● **Activity**
Copy out the lines of the records below, and only those lines, from the one with "Сегодня, 25 декабря, в" through the one with "Очень приятный нож.", exactly as they appear.

*** Opening of Entries supplied ***

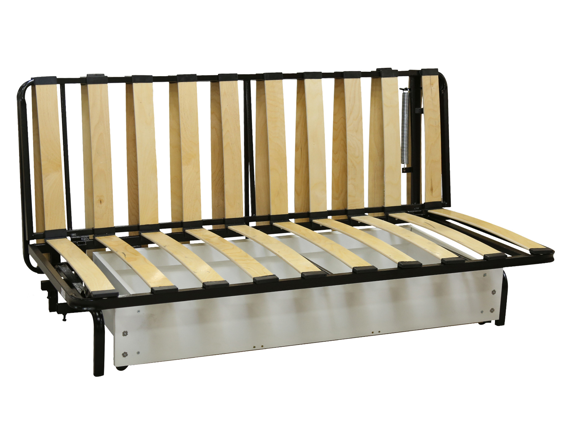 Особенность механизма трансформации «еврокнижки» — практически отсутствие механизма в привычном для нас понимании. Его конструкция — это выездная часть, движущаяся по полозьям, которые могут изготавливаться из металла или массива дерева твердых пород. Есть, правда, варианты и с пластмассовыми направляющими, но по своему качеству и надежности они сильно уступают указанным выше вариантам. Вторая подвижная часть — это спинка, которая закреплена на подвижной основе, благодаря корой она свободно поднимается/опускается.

*** Close of Entries supplied ***
*** Opening of Entries supplied ***

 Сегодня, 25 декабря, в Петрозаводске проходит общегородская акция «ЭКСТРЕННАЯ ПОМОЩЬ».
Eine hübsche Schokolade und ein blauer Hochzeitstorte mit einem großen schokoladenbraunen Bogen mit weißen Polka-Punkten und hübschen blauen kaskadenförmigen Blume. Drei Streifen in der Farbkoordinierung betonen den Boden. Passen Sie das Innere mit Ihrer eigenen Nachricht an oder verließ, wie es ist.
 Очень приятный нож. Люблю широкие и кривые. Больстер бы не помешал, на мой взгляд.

*** Close of Entries supplied ***

● **Task response**
 Сегодня, 25 декабря, в Петрозаводске проходит общегородская акция «ЭКСТРЕННАЯ ПОМОЩЬ».
Eine hübsche Schokolade und ein blauer Hochzeitstorte mit einem großen schokoladenbraunen Bogen mit weißen Polka-Punkten und hübschen blauen kaskadenförmigen Blume. Drei Streifen in der Farbkoordinierung betonen den Boden. Passen Sie das Innere mit Ihrer eigenen Nachricht an oder verließ, wie es ist.
 Очень приятный нож. Люблю широкие и кривые. Больстер бы не помешал, на мой взгляд.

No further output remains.